Neil Brown wrote:
On Friday April 13, chris@xxxxxxx wrote:
Dear All,
I have an 8-drive raid-5 array running under 2.6.11. This morning it
bombed out, and when I brought
it up again, two drives had incorrect event counts:
sda1: 0.8258715
sdb1: 0.8258715
sdc1: 0.8258715
sdd1: 0.8258715
sde1: 0.8258715
sdf1: 0.8258715
sdg1: 0.8258708
sdh1: 0.8258716
sdg1 is out of date (expected), but sdh1 has received an extra event.
Any attempt to restart with mdadm --assemble --force, results in an an
un-startable array with an event count of 0.8258715.
Can anybody advise on the correct command to use to get it started again?
I'm assuming I'll need to use mdadm --create --assume-clean - but I'm
not sure
which drives should be included/excluded when I do this.
A difference of 1 in event counts is not supposed to cause a problem.

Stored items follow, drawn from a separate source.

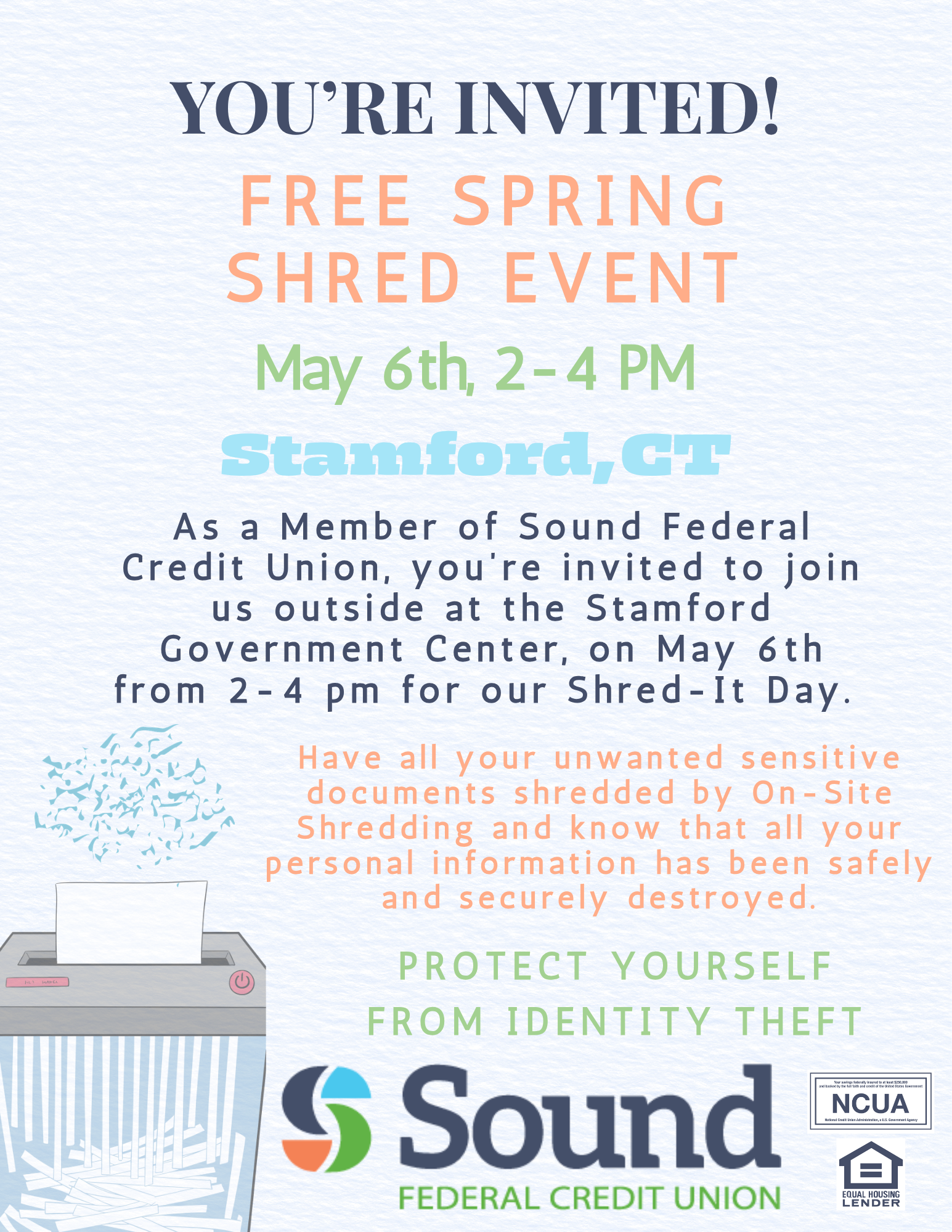 Join us on May 6th for our free Spring Shred-It Event! We will be located outside at the Stamford Government Center from 2-4 PM. Have all your unwanted sensitive documents shredded by On-Site Shredding and know that all your information has been safely and securely destroyed.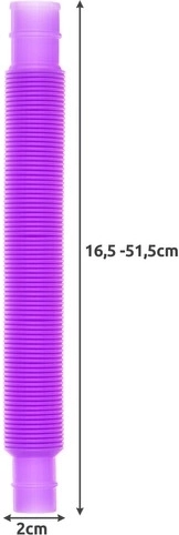 Šiuos vamzdelius galima ne tik sujungti – jie taip pat išsiplečia, o išskleidžiant ir suskleidžiant skleidžia malonų garsą. Tai paverčia juos tobulais žaislais įtampai mažinti ir žaismingam kūrybiškumui lavinti.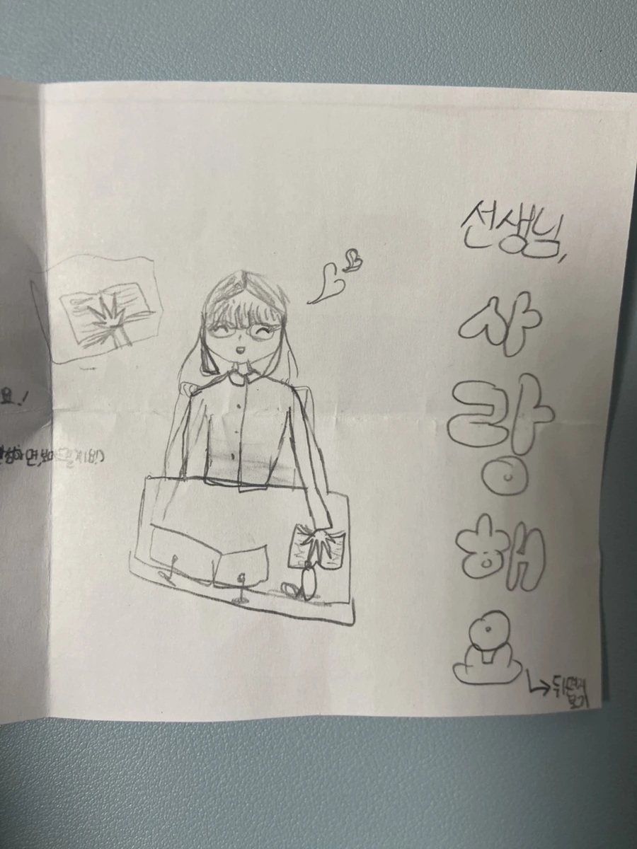 이 사람 누구야? 나 맞니? 너무 예쁘게 그려줘서.... 다른 선생님 생각한 거 아닌지 묻고 싶구나! 실물화상기에 비친 나의 손을 그린 거 보니 나 맞는 것 같아. 고맙구나. 나를 이 모습으로 기억해 주길!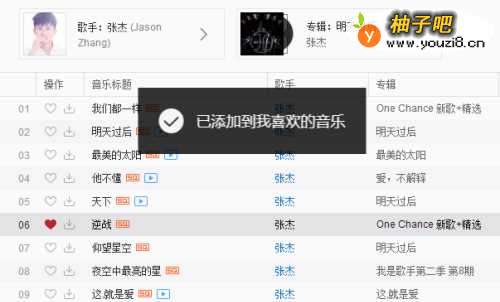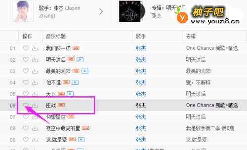 5选择自己喜欢的那首歌,点击那首歌前面的爱心符号。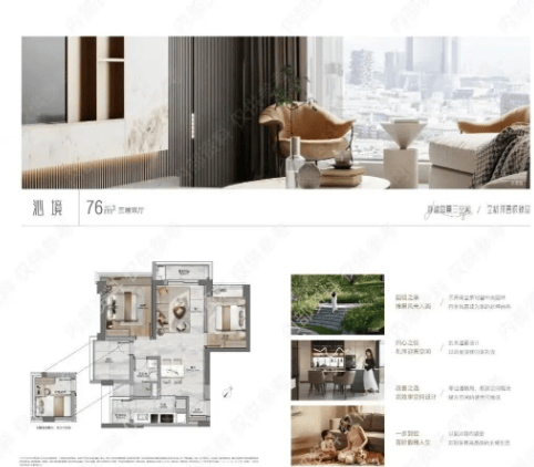 76–108㎡“超新规”三至四房:得房率高,功能紧凑无浪费。如78㎡三房可望江园双景,98㎡做到四房双卫,满足首置与首改需求;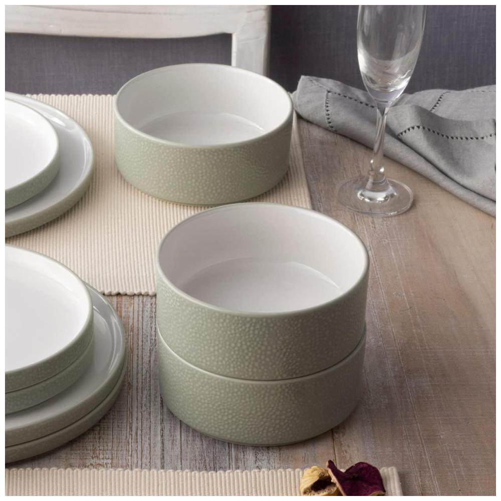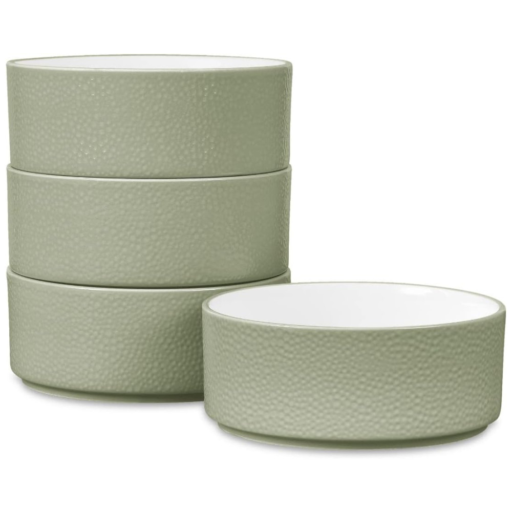 Conjunto de Tigelas Estilo Minimalista com 4 Peças Capacidade de 600mL Material de Porcelana e Formato Redondo Noritake G030-200D Verde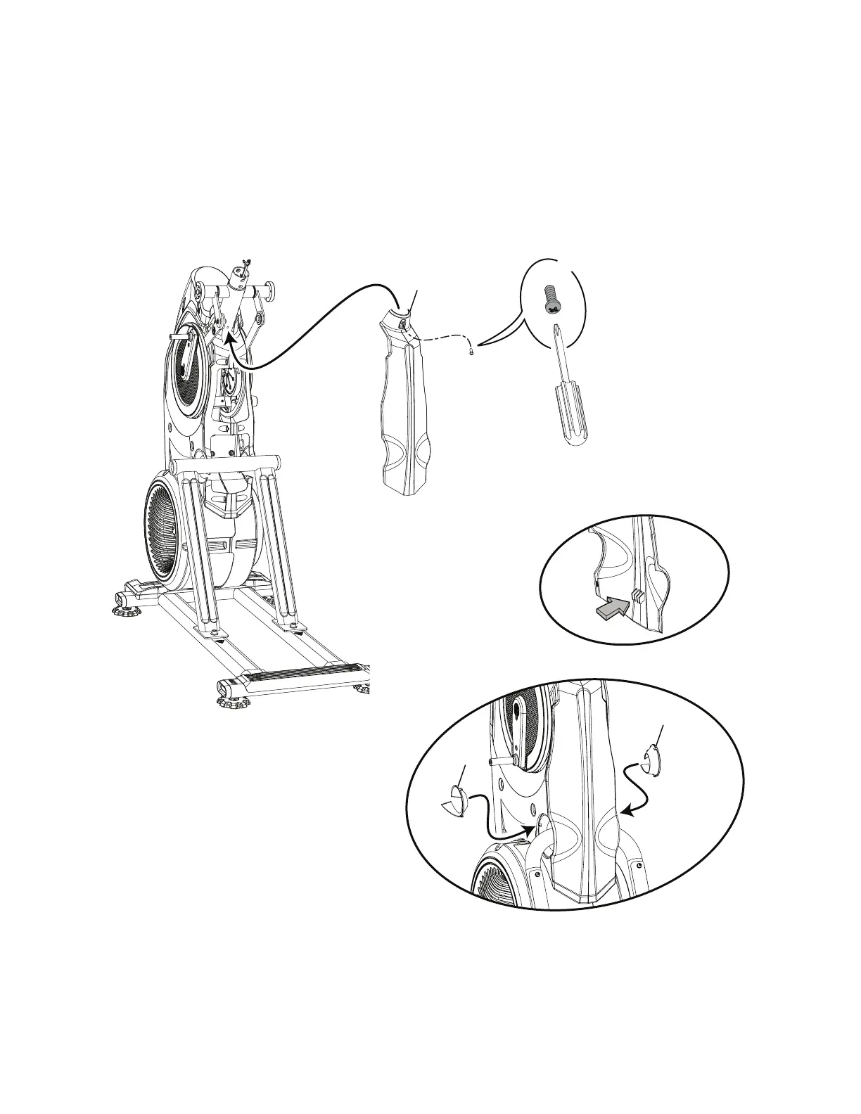 NOTICE: Place the inside hook of the Rear Shroud on the Frame Assembly and then pivot it up into place.

Have you tried simply assembling the array without including sdg1.
e.g.
mdadm -A /dev/md0 /dev/sd[abcdefh]1
Further to this, I have tried upgrading the kernel to 2.6.17. I get the
same errors.
Don't know if it is any use, but here is the tail of an strace for an
assemble command for
both the bad system and a similar good system:
STRACE FROM ASSEMBLE - BAD ARRAY:
_llseek(4, 500105150464, [500105150464], SEEK_SET) = 0
read(4, "\374N+\251\0\0\0\0Z\0\0\0\1\0\0\0\0\0\0\0\371S\2621I\311"...,
4096) = 4096
close(4) = 0
stat64("/dev/sdi1", {st_mode=S_IFBLK|0640, st_rdev=makedev(8, 129),
...}) = 0
open("/dev/sdb1", O_RDONLY|O_EXCL) = 4
ioctl(4, BLKGETSIZE64, 0xbffdf150) = 0
ioctl(4, BLKFLSBUF, 0) = 0
_llseek(4, 500105150464, [500105150464], SEEK_SET) = 0
read(4, "\374N+\251\0\0\0\0Z\0\0\0\1\0\0\0\0\0\0\0\371S\2621I\311"...,
4096) = 4096
close(4) = 0
ioctl(3, 0x40480923, 0xbffdf2c0) = 0
ioctl(3, 0x40140921, 0xbffdf324) = 0
ioctl(3, 0x40140921, 0xbffdf324) = 0
ioctl(3, 0x40140921, 0xbffdf324) = 0
ioctl(3, 0x40140921, 0xbffdf324) = 0
ioctl(3, 0x40140921, 0xbffdf324) = 0
ioctl(3, 0x40140921, 0xbffdf324) = 0
ioctl(3, 0x40140921, 0xbffdf324) = 0
ioctl(3, 0x400c0930, 0) = -1 EIO (Input/output error)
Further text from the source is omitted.